Roman | Hakan Günday: Extrem | Alper Canigüz: Die Verwandlung des Hector Berlioz | Gaye Boralioglu: Der hinkende Rhythmus

Fantasievoll, ausdrucksstark und facettenreich präsentierte sich auf der Litcologne eine junge türkische Literaturszene, die nicht nur dem Mainstream folgt. Drei Autoren stellten ihre neuen Romane vor – Hakan Günday: Extrem, Alper Canigüz: Die Verwandlung des Hector Berlioz und Gaye Boralioglu: Der hinkende Rhythmus. Von BETTINA GUTIÉRREZ
Extrem von Hakan Guenday
Wer sich für zeitgenössische türkische Literatur interessiert, der konnte sich im Rahmen einer von der Litcologne organisierten Lesung von deren Originalität und literarischen Vielfalt überzeugen. Drei Schriftsteller stellten dort ihre erstmals ins Deutsche übertragenen Romane vor.

Hakan Günday, der in seinem Heimatland als Kultautor gilt, schildert in seinem Roman Extrem die Lebenswege seiner Protagonisten Derdâ und Derda, die sich als Kinder auf einem Friedhof begegnen und schließlich nach vierzig Jahren zusammenfinden.

Drastisch, heftig und teils überzeichnend sind die Szenen aus Derdâs Leben, die mit elf Jahren an einen türkischen Geschäftsmann verkauft wird, fünf von Gewalt geprägte Jahre mit ihm in London verbringt, dann zur heroinabhängigen Punkerin mutiert um in einer Entzugsklinik auf ihre künftige Adoptivmutter zu treffen, die ihr ein Studium der englischen Literatur ermöglicht.

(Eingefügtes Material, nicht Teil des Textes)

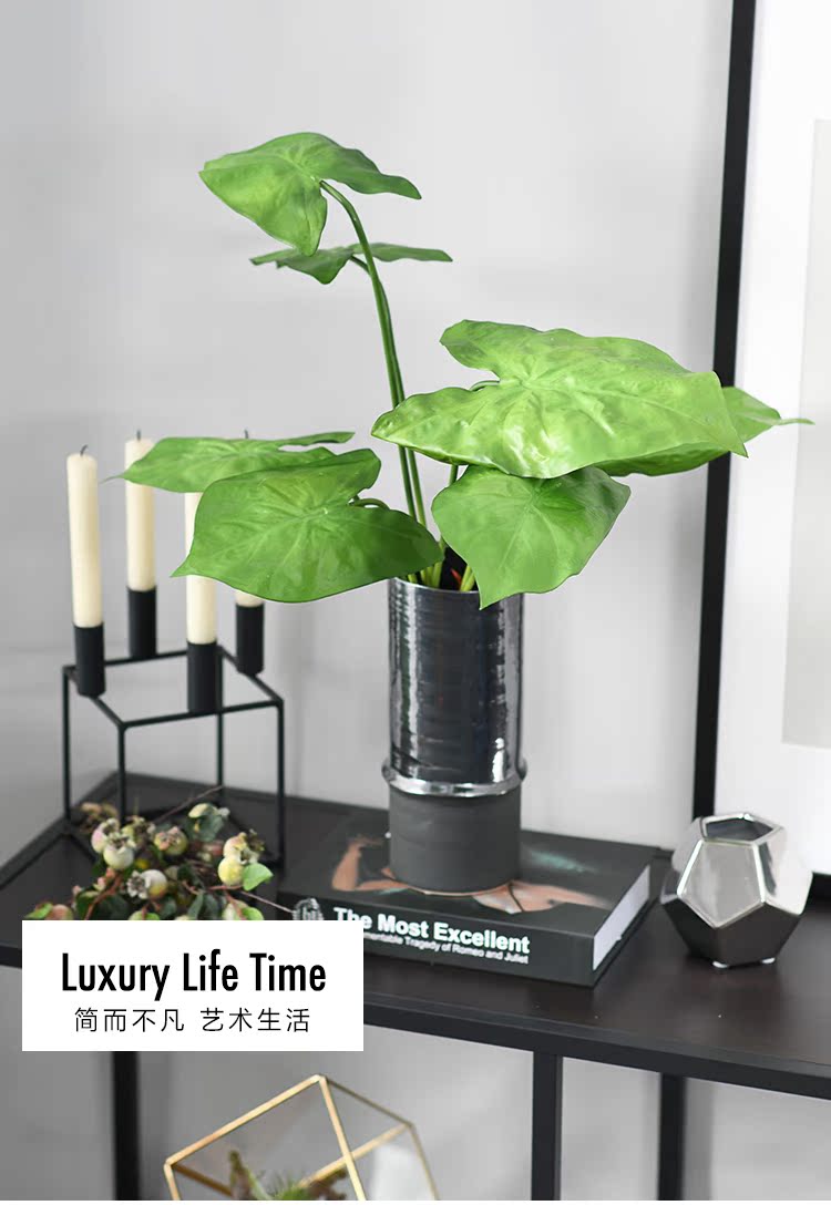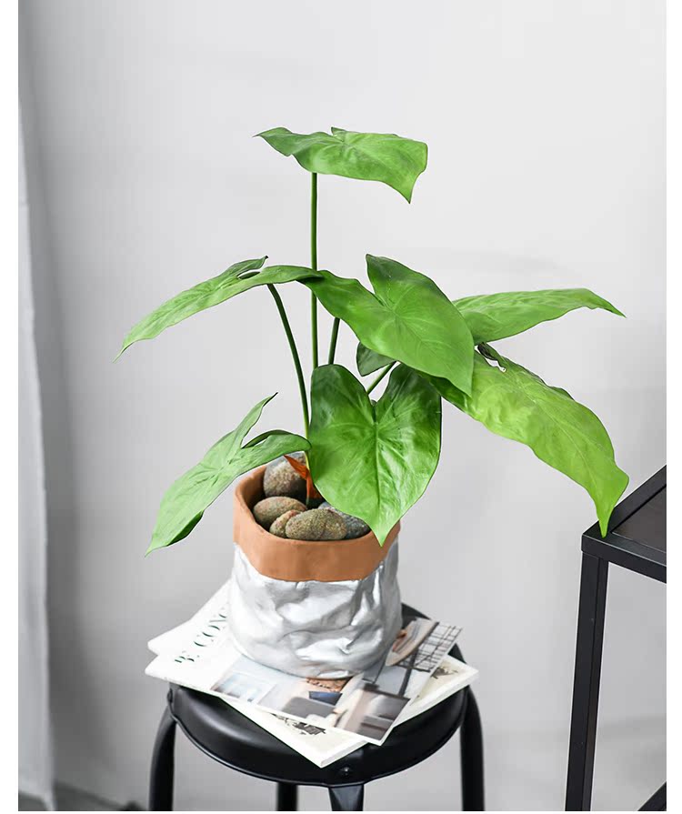 ins北歐 小清新 高仿真綠葉植物 假花束裝飾 客廳擺設盆栽 合果芋1入

Auch Derdas Schicksal ist nicht minder grausam: Wegen seiner unzähligen Gewaltverbrechen wird er zu zweiundzwanzig Jahren Haft verurteilt.
Gutierrez verwandlung-des-hector-bAlper Canigüz humoristische Komödie Die Verwandlung des Hector Berlioz kreist dagegen um einen Professor, der seine Studenten in Freuds Theorie der Traumdeutung einführt und den Lebenskünstler Hector Berlioz, der sich mit Hilfe seines Komplizen Hamit der Geldbeute des Gangsters Hayri Kura ermächtigen will. Leicht grotesk, mit dichten Dialogen angereichert ist hier die Handlung, die sich auf verschiedenen Erzählebenen abspielt und in einer großen Verwirrung mündet.

Gutierrez BoraliogluGaye Boralioglu erzählt  in Der hinkende Rhythmus wiederum die bewegende Geschichte des Romamädchens Güldane, die in den Vierteln Istanbuls rote Rosen und Narzissen verkauft und zu den Tamburinklängen ihres jüngeren Bruders Yunus tanzt. Als ihr Vater stirbt, werden sie von ihrer Mutter verlassen und müssen sich fortan ihren Lebensunterhalt alleine verdienen. Gleichzeitig ist dies aber auch die Geschichte der ungewöhnlichen Liebe zwischen Güldane und dem wesentlich älteren Halil, die im Laufe des Geschehens immer abgründigere Dimensionen annimmt und traurig endet.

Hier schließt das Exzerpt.